Have you ever heard the old adage, “He who talks first loses”?
In negotiations, you never want to negotiate with yourself. When you make a statement or an offer, then you shut up. If you are uncomfortable with the silence necessary to hear the other offer, then you will speak up. You will end up negotiating with yourself. You don’t want to do that!
This is not about a win / lose situation. You want to get the other person to talk. Otherwise how will you learn what is important to the other person?
I remember one of the times I was let go. I was the VP of Human Resources. I knew that the President’s wife really liked me. She would not be happy when the boss went home and mentioned that he let me go. I suspected this gave me leverage. As we sat across the table to arrange a fair separation package I laid out my demands (requests). In creating my demands I included the typical elements and also some outrageous elements so the boss could find something to reject.
Then I shut up. This was hard for me. To focus my attention on something else so I would not keep talking, I tightly pinched the skin between my thumb and forefinger. I pinched so hard that I drew blood! But I did not talk! I waited while the boss contemplated the balance between what I asked for and the reaction he would get from his wife when he returned home. Finally, the boss spoke first. He agreed to all my outrageous requests except for one of the elements I threw in.
Because I shut up and waited and listened, I achieved the outcome I desired. You can do this too!
Let’s consider some situations when silence is important:
- Requesting something important to you like a raise or a job offer or a separation package. If you want something, make your case then shut up.
- Negotiating salary as a job seeker or with your current employer. If the boss asks what salary you seek, be prepared with a range. Say that range then shut up. Let the boss contemplate and consider.
- Asking for feedback. Feedback is important for self-improvement. Don’t substitute your judgement. Go to the very important person and ask for feedback. Shut up and listen. Then say thank you. You can ask clarifying questions if you are confused but mostly it is important to take the feedback back to a quiet place for contemplation.
- Working with a colleague on a complex project. You have an opinion. The other person has an opinion. Unless you state your point of view then shut up, how will you understand the other person’s point of view? Isn’t understanding the other point of view and important part of completing any project with another person or a team?
- Conflict resolution. Having a serious discussion, even a political discussion, is ripe for conflict.

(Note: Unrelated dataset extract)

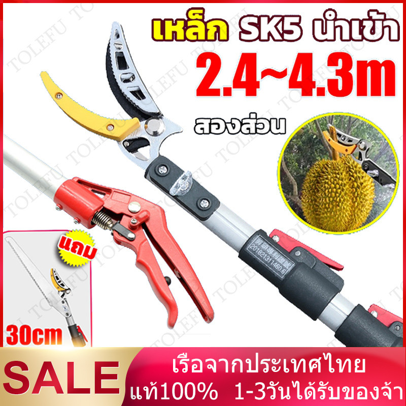 【แถมเลื่อยฟัน 30 ซม.】กรรไกรตัดกิ่ง (ยืดได้ 4.3mกรรไกรยาว) SK5 นำเข้า กรรไกรตัดผลไม้ การเก็บผลไม้ การตัดที่เร็ว

Silence is a useful tool to make space for listening and finding common ground to resolve conflict. The more you talk and force your opinion on someone else, the less you learn and the less likely you are to get your point across.
Don’t jabber. Don’t apologize for your point of view. That is not how you get what you want. That is also not how to create a win / win situation.
Listen. Allow for silence for contemplation and consideration. Allow the other person space to respond so you can work towards a win / win solution.
Sometimes this is hard. The Interview Doctor can be a sounding board for conflict resolution. After all, creating a win / win situation through effective use of silence can mean you get what you want!! And we all want that, right?